Judge Arthur D. Spatt of the Eastern District of New York entered the final judgment in the discriminatory zoning case brought by the organization New York Communities for Change and affordable housing developer MHANY Management against the village of Garden City, located on Long Island.
Under the ruling, Garden City has to conduct annual in-person training for all elected officials and housing employees and enact a Fair Housing Resolution to assure equal opportunities when it comes to housing. Also, the village is required to hire an independent third party compliance officer and pay for all remedial measures.
The judgment comes on the heels of Spatt’s late December decision, which stated that Garden City had violated the Fair Housing Act, the United States Constitution and other civil rights statues when it enacted a zoning ordinance in 2004 in response to public pressure to keep minority households out of the village. The court found that the practice allowed Garden City to remain a white enclave surrounded by mostly minority towns.
Diane Goins, head of the Long Island chapter of New York Communities for Change, expressed satisfaction with the ruling.
“This is history and a long time coming,” said Goins in a statement. “People need to see what Garden City has been doing for years and years. This is a great beginning, and I am excited by this tremendous victory for all people of color and low-income communities in Long Island. We are proud to have persevered after such a long fight and believe this victory will be the first of many so that more affordable housing is built in Garden City and Long Island.
“Communities of color are suffering because of the housing crisis and racism that still exists today,” Goins said.
On top of the aforementioned results, the court ruled that if Nassau County–which owns the parcel of land at issue and was a defendant in the case up until two years ago–announces that it wants to sell the property within one year of judgment, Garden City has to re-zone the site to allow residential multi-family housing development.
It would be the first time Garden City would open its doors for affordable housing in the town’s century-old history. It would also allow developers like MHANY Management to bid for the opportunity to develop affordable housing.
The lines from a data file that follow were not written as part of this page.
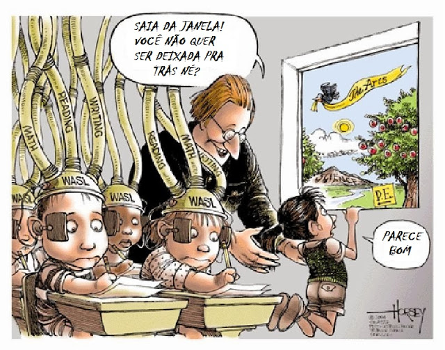 Estudantes são desencorajados a se desviarem de pensar livremente fora dos parâmetros. Eles apenas precisam seguir o currículo que os leva para os testes, para as instituições mais conceituadas e eventualmente se tornarão parte da força de trabalho. Ainda assim a criatividade é seu direito nato. Eles apenas ensinaram a você como desaprender isto sem você nem mesmo perceber.
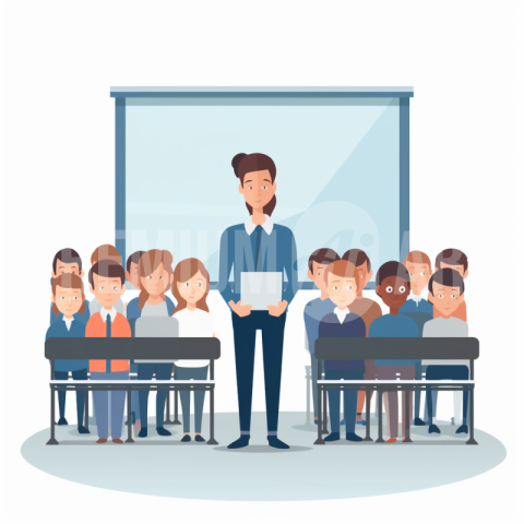 An illustration of a female teacher in a classroom with students.
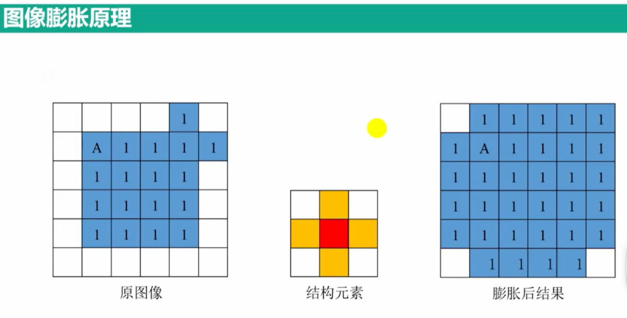 图像膨胀的原理是将一个结构元素(也称为核或模板)在图像上滑动,并将其与图像中对应位置的像素进行比较。如果结构元素的所有像素与图像中对应位置的像素都匹配,那么该位置的像素值保持不变。如果结构元素的任何一个像素与图像中对应位置的像素不匹配,那么 图像中对应位置的像素被置为1,从而改变了图像的形状和结构。
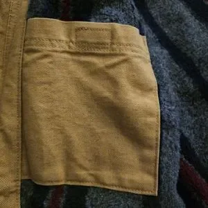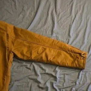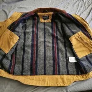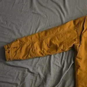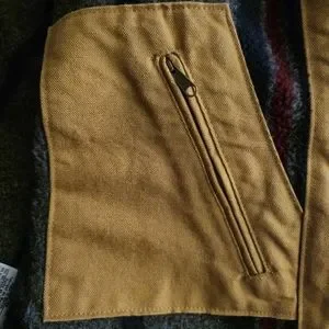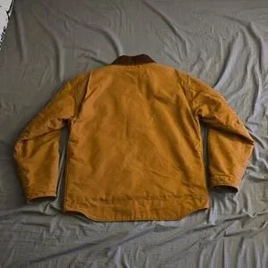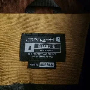 Durable Carhartt jacket. Features a dark brown collar. Front zipper and pockets for utility.
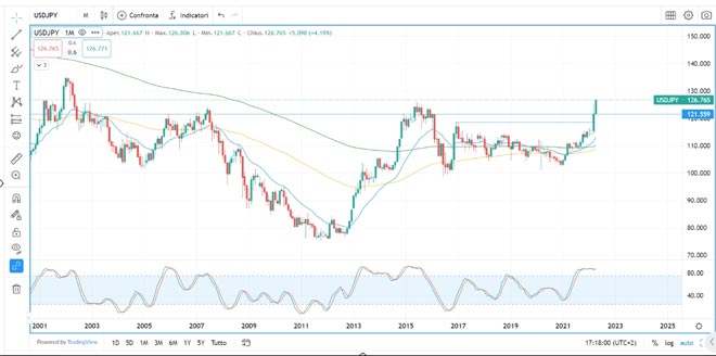 Tornando agli azionari segnaliamo che il Nasdaq ad aprile, ha perso il 13%, la massima discesa dal 2008, mentre l’S&P 500 ha ceduto quasi il 9% nello stesso periodo. Il Dow invece ha lasciato sul terreno il 4%. Sui cambi, il dollaro, se osserviamo il dollar index, ha guadagnato nel mese di marzo quasi il 5%, con tutte le valute concorrenti che hanno sofferto la forza della divisa americana. L’Eur ha perso il 5%, lo Jpy il 7.5%, la sterlina il 5.5%, il dollaro canadese il 2.5% e Aud e Nzd rispettivamente il 6.5% e l’8%. Si tratta di percentuali impressionanti perché parliamo di valute e non di azioni e assomigliano molto, come price action e movimenti percentuali, a quanto avevamo visto durante il mese di marzo 2020, al culmine dell’esplosione della pandemia. Da allora, tante cose sono cambiate e oggi, possiamo dirlo, anche in peggio, con una guerra che sembra non avere fine, specie per lo stallo della diplomazia, che non riesce a creare le condizioni per un cessate il fuoco. La situazione macro è assai complessa e diventa difficile non ipotizzare il ritorno della recessione nei mesi a venire, in alcune aree, specie se non si troveranno le condizioni per sbloccare le strozzature dell’offerta e soprattutto le sanzioni alla Russia, in dipendenza di una eventuale fine della guerra, ovviamente.
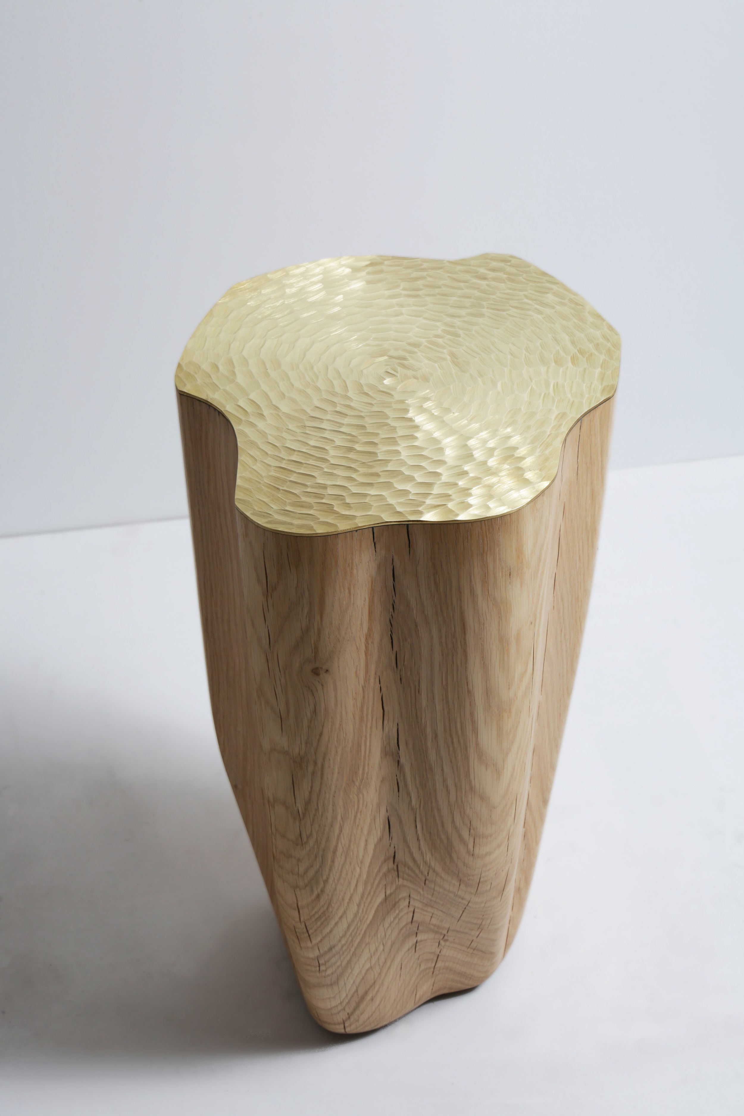 Contemporary unique duramen with hand sculpted brass top on a solid oak (JULES LOBGEOIS)
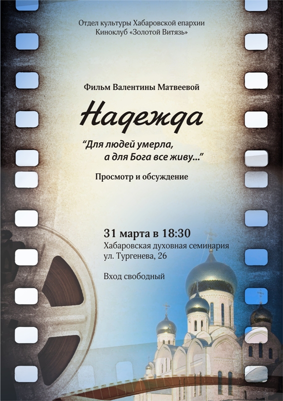 31 марта в 18:30 в Хабаровской духовной семинарии, в рамках киноклуба "Золотой Витязь", состоится показ документального фильма «Надежда» режиссера Валентины Матвеевой, заслуженного деятеля искусств Российской Федерации, автора более 70 документальных лент, среди которых трилогия о митрополите Антонии Сурожском, фильмы о русских монастырях и святынях.
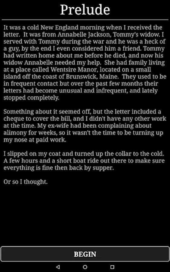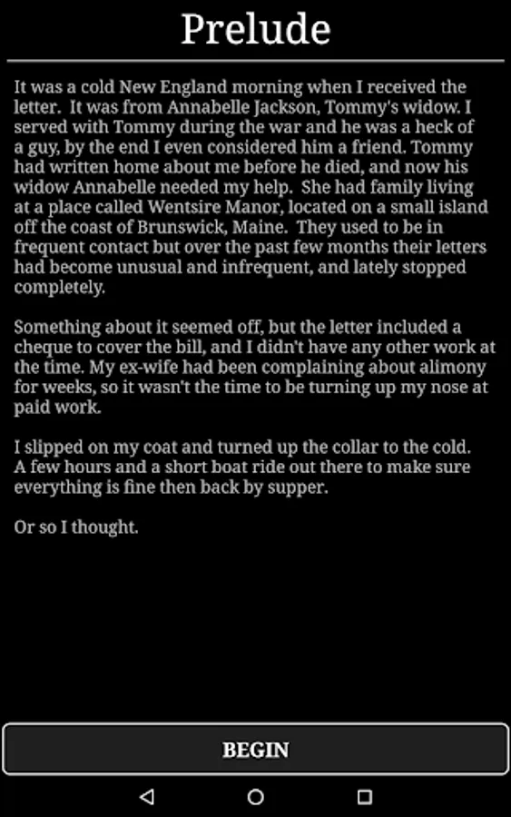 If you enjoyed this part, the adventure continues in the sequel, Horror at Innsport. Available now on Google Play: https://play.google.com/store/apps/details?id=nz.co.karmicshift.horror2a

“This is an extremely important case that was brought to break down discriminatory barriers to affordable housing erected by Garden City and to ensure that housing that will promote residential desegregation becomes a reality,” said co-counsel Joseph Rich, director of the Fair Housing Project at the Lawyers’ Committee for Civil Rights Under Law, in a statement. “The court’s December decision finding Garden City had intentionally discriminated in violation of the Fair Housing Act and this final order setting forth actions that must be taken by Garden City to remedy this discrimination are very important steps in achieving that goal.”
Fred Brewington, of the Law Offices of Fred Brewington and co-counsel for the plaintiffs, agreed.
“This is a monumental development as we take steps to correct the discriminatory course on which Garden City has chosen to embark,” said Brewington in a statement. “It is unfortunate that even in the face of such a strong factual finding, the village remains in denial. It is this attitude that has led Garden City into a situation that has cost them hundreds of thousands of dollars and will subject them to millions in the future. Now Garden City has the chance to end the madness and stop putting up barriers.”